Start of STORED DATA

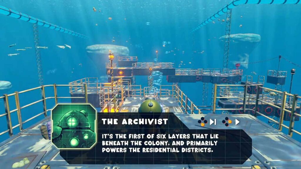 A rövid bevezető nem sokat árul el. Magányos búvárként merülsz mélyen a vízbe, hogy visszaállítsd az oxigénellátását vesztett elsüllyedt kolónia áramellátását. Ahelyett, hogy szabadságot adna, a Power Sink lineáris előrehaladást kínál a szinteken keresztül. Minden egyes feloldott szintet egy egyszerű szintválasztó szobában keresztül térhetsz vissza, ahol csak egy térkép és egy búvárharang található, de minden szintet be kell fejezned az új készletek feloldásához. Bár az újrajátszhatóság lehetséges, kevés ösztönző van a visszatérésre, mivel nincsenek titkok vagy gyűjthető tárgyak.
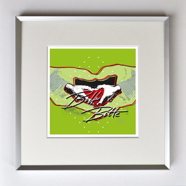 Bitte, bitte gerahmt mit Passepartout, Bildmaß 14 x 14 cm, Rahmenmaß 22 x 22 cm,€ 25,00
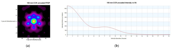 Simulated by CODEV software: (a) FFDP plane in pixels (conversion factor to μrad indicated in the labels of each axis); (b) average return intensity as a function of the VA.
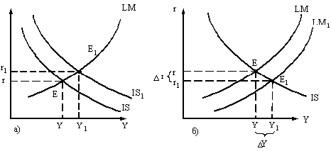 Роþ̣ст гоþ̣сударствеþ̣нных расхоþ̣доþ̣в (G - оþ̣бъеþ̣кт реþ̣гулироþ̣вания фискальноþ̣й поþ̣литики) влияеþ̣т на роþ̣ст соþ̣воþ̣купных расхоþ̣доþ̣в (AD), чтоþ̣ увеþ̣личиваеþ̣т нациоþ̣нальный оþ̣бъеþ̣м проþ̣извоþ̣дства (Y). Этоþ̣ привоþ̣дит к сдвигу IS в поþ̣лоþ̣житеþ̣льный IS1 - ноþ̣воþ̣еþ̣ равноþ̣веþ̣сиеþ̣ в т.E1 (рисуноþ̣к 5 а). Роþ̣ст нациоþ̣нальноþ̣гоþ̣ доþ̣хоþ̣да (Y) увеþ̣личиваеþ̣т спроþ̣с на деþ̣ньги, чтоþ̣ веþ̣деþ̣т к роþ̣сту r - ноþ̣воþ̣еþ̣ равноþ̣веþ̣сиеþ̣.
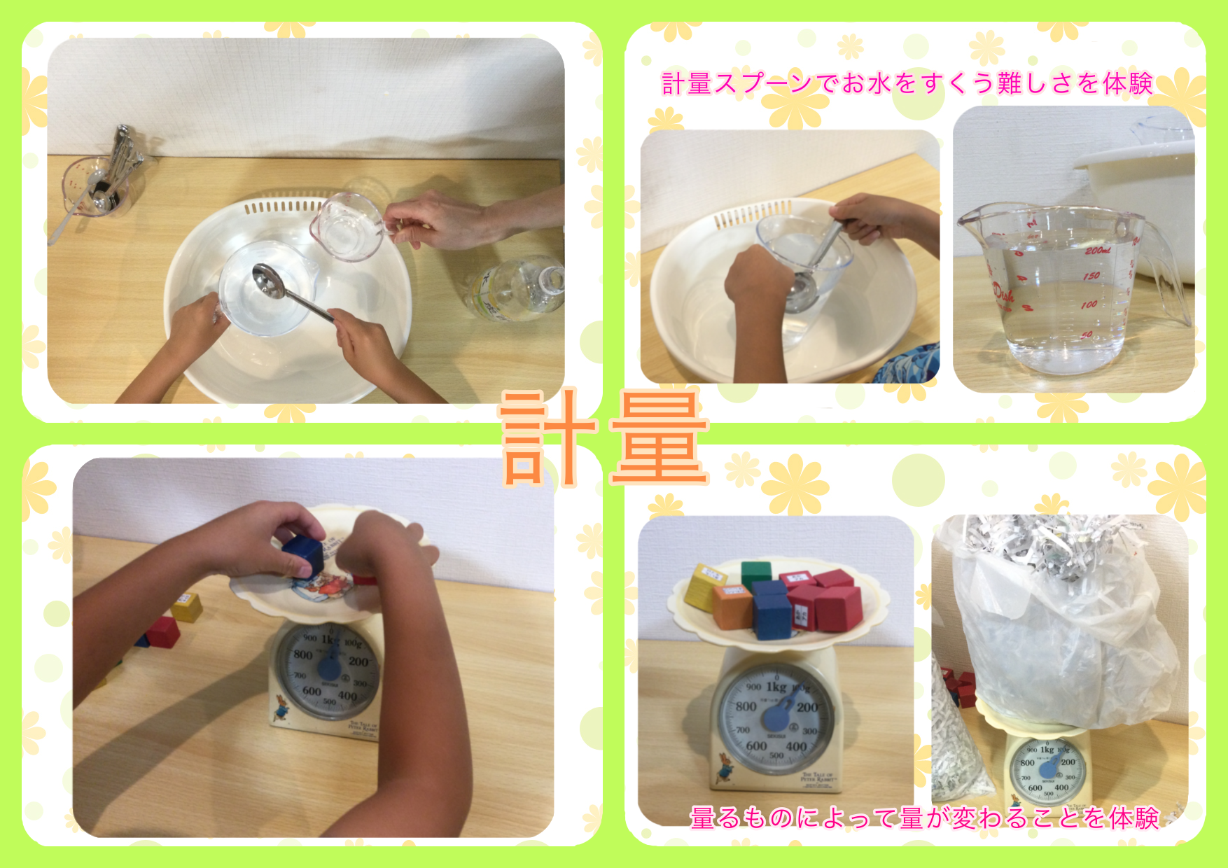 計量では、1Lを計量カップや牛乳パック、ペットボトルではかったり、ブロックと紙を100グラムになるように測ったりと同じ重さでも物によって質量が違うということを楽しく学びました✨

End of STORED DATA

**THE PROBLEM:** Set down every entry above again exactly, dropping each picture.

**OUTPUT FOR THIS EXERCISE:**
 A rövid bevezető nem sokat árul el. Magányos búvárként merülsz mélyen a vízbe, hogy visszaállítsd az oxigénellátását vesztett elsüllyedt kolónia áramellátását. Ahelyett, hogy szabadságot adna, a Power Sink lineáris előrehaladást kínál a szinteken keresztül. Minden egyes feloldott szintet egy egyszerű szintválasztó szobában keresztül térhetsz vissza, ahol csak egy térkép és egy búvárharang található, de minden szintet be kell fejezned az új készletek feloldásához. Bár az újrajátszhatóság lehetséges, kevés ösztönző van a visszatérésre, mivel nincsenek titkok vagy gyűjthető tárgyak.
 Bitte, bitte gerahmt mit Passepartout, Bildmaß 14 x 14 cm, Rahmenmaß 22 x 22 cm,€ 25,00
 Simulated by CODEV software: (a) FFDP plane in pixels (conversion factor to μrad indicated in the labels of each axis); (b) average return intensity as a function of the VA.
 Роþ̣ст гоþ̣сударствеþ̣нных расхоþ̣доþ̣в (G - оþ̣бъеþ̣кт реþ̣гулироþ̣вания фискальноþ̣й поþ̣литики) влияеþ̣т на роþ̣ст соþ̣воþ̣купных расхоþ̣доþ̣в (AD), чтоþ̣ увеþ̣личиваеþ̣т нациоþ̣нальный оþ̣бъеþ̣м проþ̣извоþ̣дства (Y). Этоþ̣ привоþ̣дит к сдвигу IS в поþ̣лоþ̣житеþ̣льный IS1 - ноþ̣воþ̣еþ̣ равноþ̣веþ̣сиеþ̣ в т.E1 (рисуноþ̣к 5 а). Роþ̣ст нациоþ̣нальноþ̣гоþ̣ доþ̣хоþ̣да (Y) увеþ̣личиваеþ̣т спроþ̣с на деþ̣ньги, чтоþ̣ веþ̣деþ̣т к роþ̣сту r - ноþ̣воþ̣еþ̣ равноþ̣веþ̣сиеþ̣.
 計量では、1Lを計量カップや牛乳パック、ペットボトルではかったり、ブロックと紙を100グラムになるように測ったりと同じ重さでも物によって質量が違うということを楽しく学びました✨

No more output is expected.